Longtemps, de nombreuses caves en ville ont regorgé de régimes de bananes. La raison ? Il s’agissait des premières mûrisseries dédiées à ce nouveau fruit venant des Tropiques. Ouvrons la porte, descendons quelques marches et partons à la rencontre des anciens mûrisseurs…
Mûrir la banane dans les caves
Le mûrissage des bananes est longtemps resté une activité artisanale et empirique. Jusque dans les années 1960, il existe des centaines de mûrisseries réparties sur l’ensemble du territoire au plus près des centres de consommation. Couvrant un rayon très local, elles traitent des volumes réduits. En 1960, 1 217 mûrisseries artisanales, dont 300 en région parisienne, se répartissent dans les principales villes et chefs-lieux de département, à proximité des marchés de centre-ville. Les petites mûrisseries traitent environ 100 tonnes de bananes par an tandis que les plus grosses en commercialisent dix fois plus. Souvent, le mûrisseur est également grossiste vendant les bananes mûres aux détaillants du voisinage.
Des bananes mûries au gaz de ville
Pour reproduire le climat tropical, les mûrisseurs s’installent dans les caves des immeubles qui leur assurent une hygrométrie élevée et une température douce et stable. L’utilisation du gaz de ville, pour provoquer la production d’éthylène, se développe dans l’entre-deux-guerres. En effet, le gaz dégage de la chaleur et de l’humidité, ce qui déclenche la maturation de la banane. À ce stade, la durée et la qualité du mûrissage demeurent encore très aléatoires. Et les mûrisseurs redoutent en permanence le risque d’explosion lié à une mauvaise manipulation du gaz ! Rares sont alors les entrepôts spécifiques comportant de véritables chambres de mûrissage. Il en existe quelques-uns, dès les années 20, appartenant à de gros importateurs comme l’irlandais Fyffes.
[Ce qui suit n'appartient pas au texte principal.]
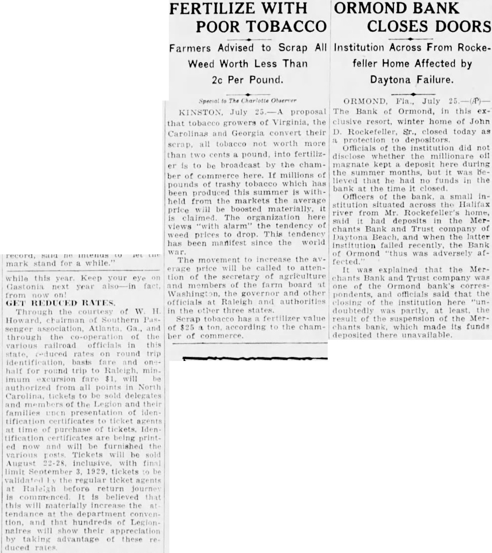 FERTILIZE WITH POOR TOBACCO ORMOND BANK CLOSES DOORS Farmers Advised to Scrap All Institution Across From RockeWeed Worth Less Than feller Home Affected by 2c Per Pound. Daytona Failure. that tobacco growers of Virginia, the Carolinas and Georgia convert their scrap, all tobacco not worth more than two pound, into fertilizer is to be broadcast by the chamber of commerce here. If millions of trashy tobacco which has been produced this summer is withheld from the markets the average price will boosted materially. claimed. The organization here views "with alarm" the tendency of weed prices drop. This tendency has been manifest since the world war The movement to increase the average price be called to attenwhile this year Keep your eye tion of the of year also-in and members of the farm board Gastonia next Washingt the governor and GET REDUCED RATES officials at Raleigh and authorities of W. H in the other Scrap tobacco has fertilizer value and of $25 ton. according to the chamsenger of the ber of commerce. through various railroad officials in this rates on round trip ORMOND, Fla., July The Bank of Ormond, in this exclusive resort. winter home of John D. Rockefeller, Sr., closed today as protection depositors. Officials of the institution did not disclose the here during the months, but it was Believed that he had no funds in the bank at the time closed Officers of the bank, small institution across the Halifax river from Mr. Rockefeller's home, said had in the Merchants Bank and Trust of Daytona and when the latter institution failed the Bank of Ormond "thus was adversely affected. It was explained that the Merchants Bank and Trust company was of the Ormond pondents, and officials said that the closing the institution here "undoubtedly partly, at least, the result the suspension of the Merchants bank. which made its funds deposited there unavailable. basis and onehalf for round trip to Raleigh, minimum $1, will be from all points North to be sold delegates and the Legion and their families presentation of Idencertificates to ticket agents at time of purchase of certificates are being print ed now and will be furnished the various Tickets be sold August inclusive, with final tickets the regular ticket agents at Raleigh before journey is commenced is believed that this will materially increase the tendance at the department convention. and that hundreds of Legion naires will show their appreciation by taking advantage of these duced rates

Mûrisseur, un métier physique
« Le métier de mûrisseur est un véritable travail de force. Il faut décharger manuellement les régimes de bananes vertes, les suspendre dans des caves étroites et les découper une fois mûres, afin qu’elles soient vendues dans la journée. Les transactions avec les clients sont conclues la nuit et toute l’année sans interruption. » Témoignage de M. España (mûrisserie Fenes à Rungis)
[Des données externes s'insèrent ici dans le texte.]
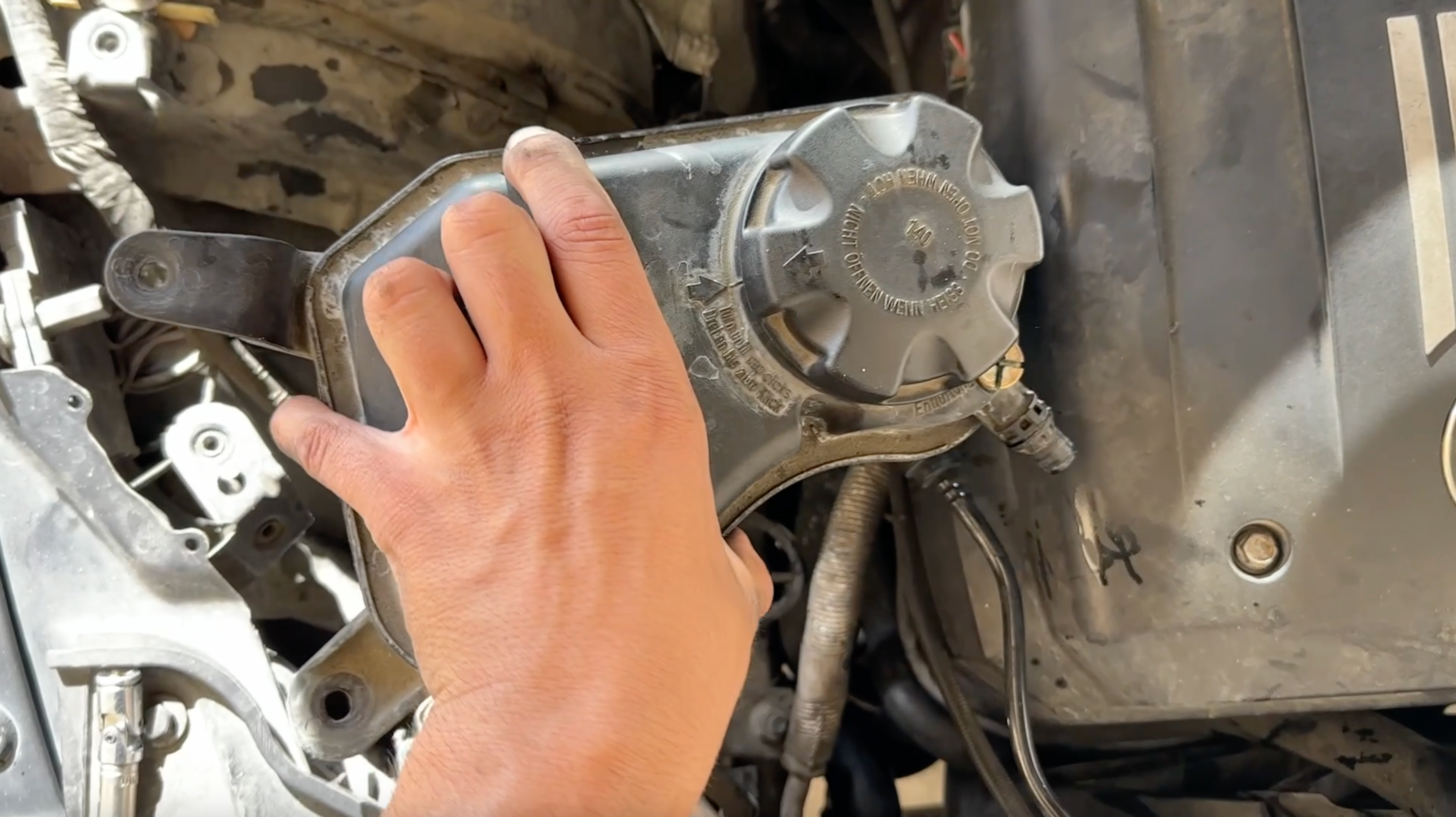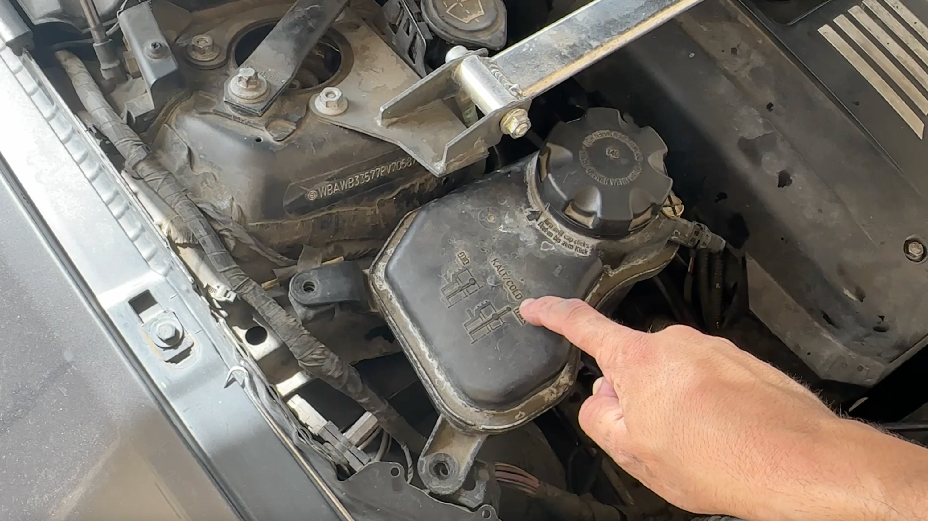 Move the expansion tank all the way forward, to give yourself access to the vehicle's thermostat.

C’est un travail de manutention épuisant puisque les bananes arrivent sur leur régime qui pèse 40 kg environ. Toutes les opérations se font à la main. Dans la cave, les régimes sont d’abord débarrassés de la paille et du papier qui les a protégés pendant le voyage. Puis le mûrisseur entoure le trognon d’une ficelle, avant de suspendre le régime. Les caves sont en effet équipées de barres de fer fixées au plafond et munies de crochets. La maturation peut dès lors commencer puisque le peu de sève contenu dans le trognon du régime suffit à enclencher le processus. Une fois les régimes mûris, les mûrisseurs les découpent et préparent les bouquets de bananes pour les détaillants. Parfois, c’est le régime entier qui est vendu.
Ce système artisanal est progressivement remplacé, à partir des années 60, par un réseau de mûrisseries industrielles modernes réparties sur tout le territoire et installées principalement au cœur des nouveaux marchés d’intérêt national.